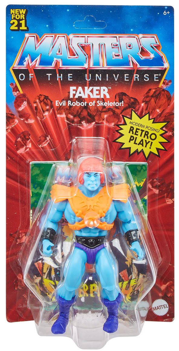 Från Mattels mycket populära Masters of the Universe Origins linje kommer denna detaljrika Faker actionfigur med många rörliga leder. Figuren är ca 14 cm hög förpackad med tillbehör i en vintageinspirerad blisterförpackning.
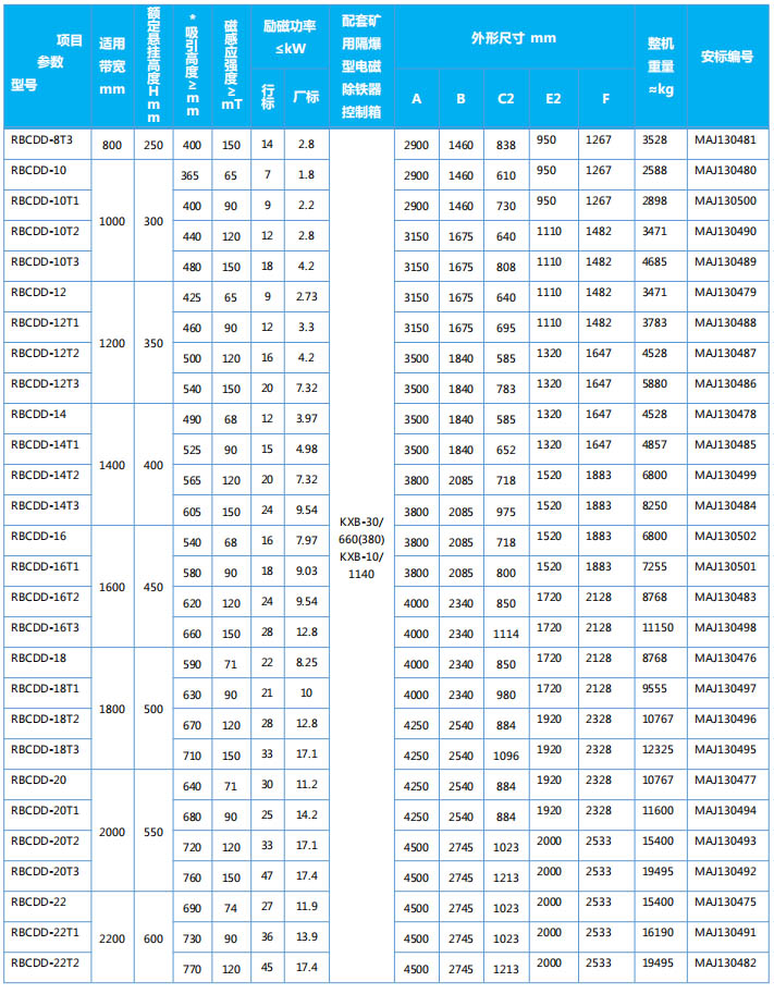 四、RBCDD系列隔爆型懸掛電磁除鐵器主要技術參數、外形尺寸 執行標準:GB3836-2010、Q/321191ACL003
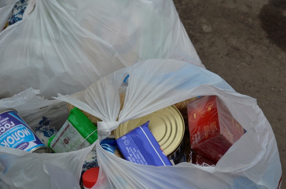 По ее словам, каждый проднабор весит около 10 килограммов, в состав вошли: крупы, сахар, соль консервы и кондитерские изделия.
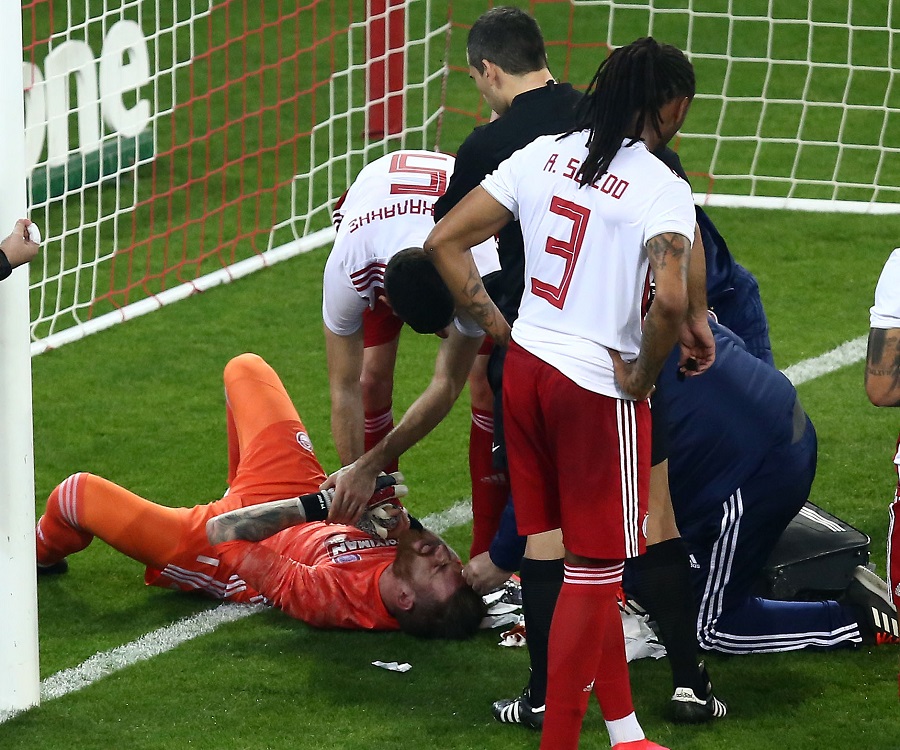Λίγο πριν συμπληρωθούν 30’ αγώνα, ο Πορτογάλος τερματοφύλακας τραυματίστηκε στο κεφάλι κατά τη διάρκεια της αναμέτρησης με τον Παναιτωλικό στο Φάληρο, λόγω της επικίνδυνης προβολής που έκανε ο Αντονί Μουνιέ, έπειτα από εκτέλεση φάουλ του Άλβαρες.

INSTRUCTIONS TO FOLLOW: Each line above is to be copied exactly, and the pictures are to be dropped.

EXPECTED ANSWER:
 Från Mattels mycket populära Masters of the Universe Origins linje kommer denna detaljrika Faker actionfigur med många rörliga leder. Figuren är ca 14 cm hög förpackad med tillbehör i en vintageinspirerad blisterförpackning.
 四、RBCDD系列隔爆型懸掛電磁除鐵器主要技術參數、外形尺寸 執行標準:GB3836-2010、Q/321191ACL003
 По ее словам, каждый проднабор весит около 10 килограммов, в состав вошли: крупы, сахар, соль консервы и кондитерские изделия.
Λίγο πριν συμπληρωθούν 30’ αγώνα, ο Πορτογάλος τερματοφύλακας τραυματίστηκε στο κεφάλι κατά τη διάρκεια της αναμέτρησης με τον Παναιτωλικό στο Φάληρο, λόγω της επικίνδυνης προβολής που έκανε ο Αντονί Μουνιέ, έπειτα από εκτέλεση φάουλ του Άλβαρες.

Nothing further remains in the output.